Table 3: Serum Bilirubin Levels in Preterm vs Full-term Neonates (Group Comparison)

The total serum bilirubin level is significantly higher in preterm neonates compared to full-term neonates. The p-value of 0.001 indicates strong statistical evidence that this difference is not due to random chance, and the difference is highly significant. Bilirubin is a byproduct of the breakdown of red blood cells, and its processing is primarily carried out by the liver. Preterm neonates often have immature liver function, which leads to an inability to efficiently metabolize and eliminate bilirubin from their system. This results in higher bilirubin levels, which can lead to jaundice. Full-term neonates, on the other hand, have more mature liver function, which allows them to process and clear bilirubin more efficiently, resulting in lower serum bilirubin levels.
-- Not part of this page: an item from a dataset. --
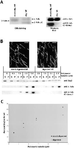 Figure 2. Stu2p does not strongly require the COOH terminus of β-tubulin for binding to microtubules. (A) Mock- or subtilisin- digested microtubules analyzed by SDS-PAGE and Coomassie blue staining (left) or by Western blotting (right) using a monoclonal α-tubulin antibody (top) or a monoclonal β-tubulin antibody whose epitope lies within the COOH terminus of β-tubulin (bottom). (B, top) Mock- and subtilisin-digested microtubules visualized by immunofluorescence. Bar, 5 μm. (B, bottom) Increasing amounts of mock- or subtilisin-digested microtubules were incubated with 18 nM Stu2p and bound separated from unbound Stu2p by centrifugation. Equivalent amounts of the supernatants (S) and the pellets (P) were analyzed by SDS-PAGE and Western blotting using a polyclonal Stu2p antibody (top), a monoclonal α-tubulin antibody (middle), or a monoclonal β-tubulin antibody whose epitope lies within the COOH terminus of β-tubulin (bottom). (C) Plot showing the percentage of Stu2p bound to mock- or subtilisin-digested microtubules at different microtubule concentrations.

Table 4: Correlation between Serum BDNF Levels and Total Serum Bilirubin Levels in Preterm Neonates

Negative Correlation (r = -0.45): The correlation coefficient of -0.45 indicates a moderate negative correlation between serum BDNF levels and total serum bilirubin levels in preterm neonates. This suggests that as total serum bilirubin increases, serum BDNF levels tend to decrease, and vice versa. Statistical Significance (p = 0.02): The p-value of 0.02 indicates that the observed negative correlation is statistically significant, meaning that the relationship between BDNF and bilirubin levels in preterm neonates is unlikely to have occurred by chance.

Table 5: Correlation Between Serum BDNF Levels and Total Serum Bilirubin Levels in Full-term Neonates

Negative Correlation (r = -0.30): The correlation coefficient of -0.30 indicates a weak to moderate negative correlation between serum BDNF levels and total serum bilirubin levels in full-term neonates. This suggests that as total serum bilirubin increases, serum BDNF levels tend to decrease, but the relationship is weaker than in preterm neonates.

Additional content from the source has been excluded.